1. Bob Smith Termination: To reduce common mode current and susceptibility to interference from unused wire pairs on the RJ45 connector
2. Common Mode Chokes: Improve EMC by attenuating common-mode interference
3. Signal Transformer: Provides galvanic isolation between PHY chip and RJ45 jack, protects against transients, and matches the impedance to the internal logic and to balanced wire pairs
4. 4MLCC Capacitors: Contribute to common mode rejection by RF-connecting the center taps of the transformers to ground (GND)
5. TVS-Dioden-Array: Limits interface transients to the PHY against GND.

Parameters for Selecting the Right Magnetics

When selecting a LAN magnetics module, it’s essential to consider the specific requirements of the PHY (Physical Layer Device) chip in your design. Aside from the PHY chip’s specifications, you should also compare various performance parameters of the magnetics module to ensure optimal compatibility and performance. Here are some of the key performance values to consider:

Insertion Loss

• Insertion loss refers to the loss of signal power that occurs when the magnetics module is inserted into the signal path. Lower insertion loss is generally preferred as it ensures better signal integrity.
• Compare the insertion loss at different frequencies (e.g., 100 MHz for 100Base-T, 250 MHz for 1000Base-T) to ensure it meets the PHY’s requirements and the Ethernet standard (Lesser than 2-3dB).

Return Loss

• Return loss measures how much of the signal is reflected back toward the source due to impedance mismatches.

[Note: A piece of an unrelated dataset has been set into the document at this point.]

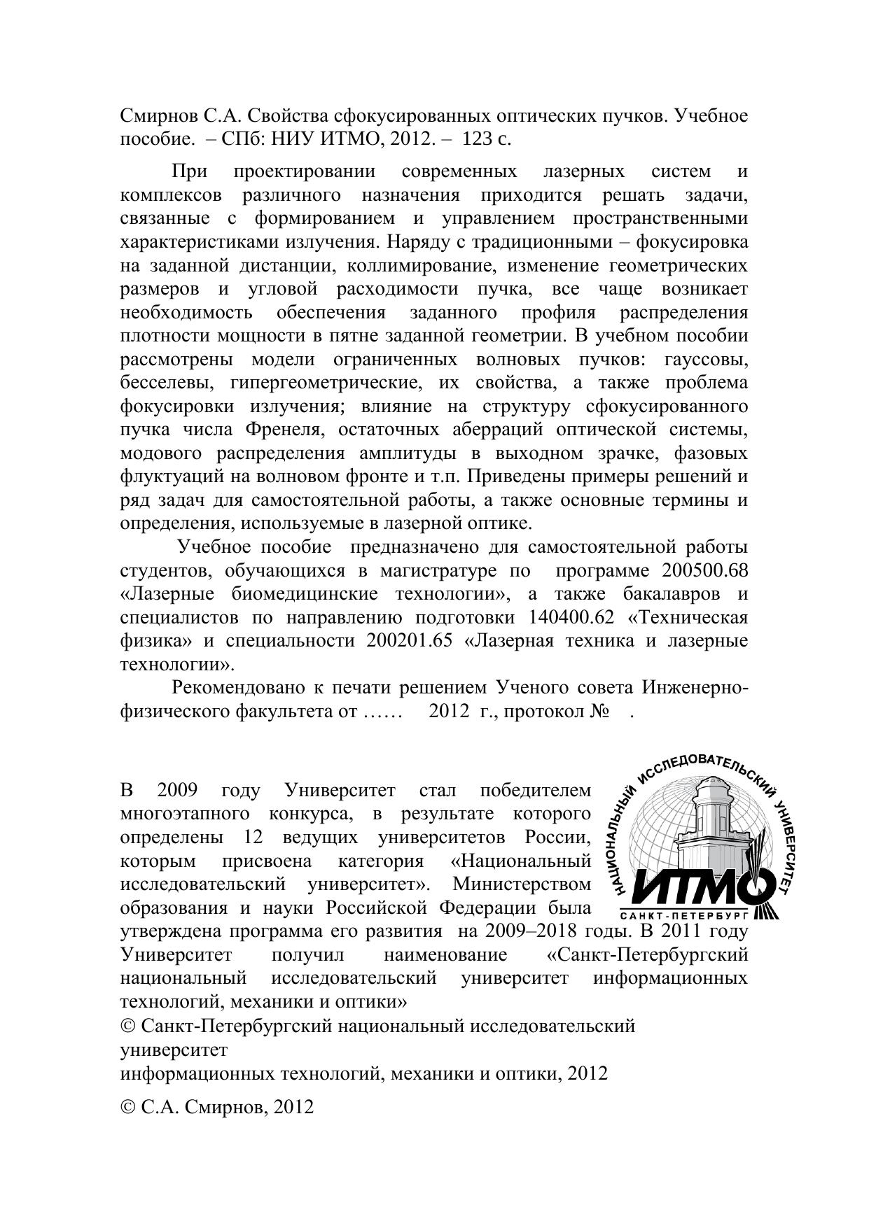 При проектировании современных лазерных систем и комплексов различного назначения приходится решать задачи, связанные с формированием и управлением пространственными характеристиками излучения. Наряду с традиционными – фокусировка на заданной дистанции, коллимирование, изменение геометрических размеров и угловой расходимости пучка, все чаще возникает необходимость обеспечения заданного профиля распределения плотности мощности в пятне заданной геометрии. В учебном пособии рассмотрены модели ограниченных волновых пучков: гауссовы, бесселевы, гипергеометрические, их свойства, а также проблема фокусировки излучения влияние на структуру сфокусированного пучка числа Френеля, остаточных аберраций оптической системы, модового распределения амплитуды в выходном зрачке, фазовых флуктуаций на волновом фронте и т.п. Приведены примеры решений и ряд задач для самостоятельной работы, а также основные термины иопределения, используемые в лазерной оптике. Учебное пособие предназначено для самостоятельной работы студентов, обучающихся в магистратуре по программе 200500.68 «Лазерные биомедицинские технологии», а также бакалавров и специалистов по направлению подготовки 140400.62 «Техническая физика» и специальности 200201.65 «Лазерная техника и лазерные технологии».

Higher return loss values indicate better impedance matching and less signal reflection.
• The IEEE 802.3 standard, paragraph 40.8.3.1, specifies the following requirements for differential impedance at the MDI (Medium Dependent Interface):
• Balanced Cabling Impedance: The differential impedance must match balanced cabling with an impedance of 100 Ω ± 15%.
• Return Loss Requirement: The reflection due to differential signals incident upon the MDI must be attenuated relative to the incident signal by:
  • At least 16 dB over the frequency range of 1.0 MHz to 40 MHz.
  • At least 10 – 20log(f/80) dB over the frequency range of 40 MHz to 100 MHz (where f is in MHz

There are two key points to emphasize about the above return loss plot:

• For a real system with output impedance contributions from both PHY output and a magnetic transformer to satisfy the IEEE specification, magnetics with a return loss margin of at least 2 dB (versus the IEEE 802.3 specification at the MDI) are recommended. The red curve in the plot reflects a 2 dB back-off from the IEEE 802.3 limit.
• The measured return loss is flat to within 3 dB up to 40 MHz–50 MHz. That flatness is a key aspect in maintaining signal integrity.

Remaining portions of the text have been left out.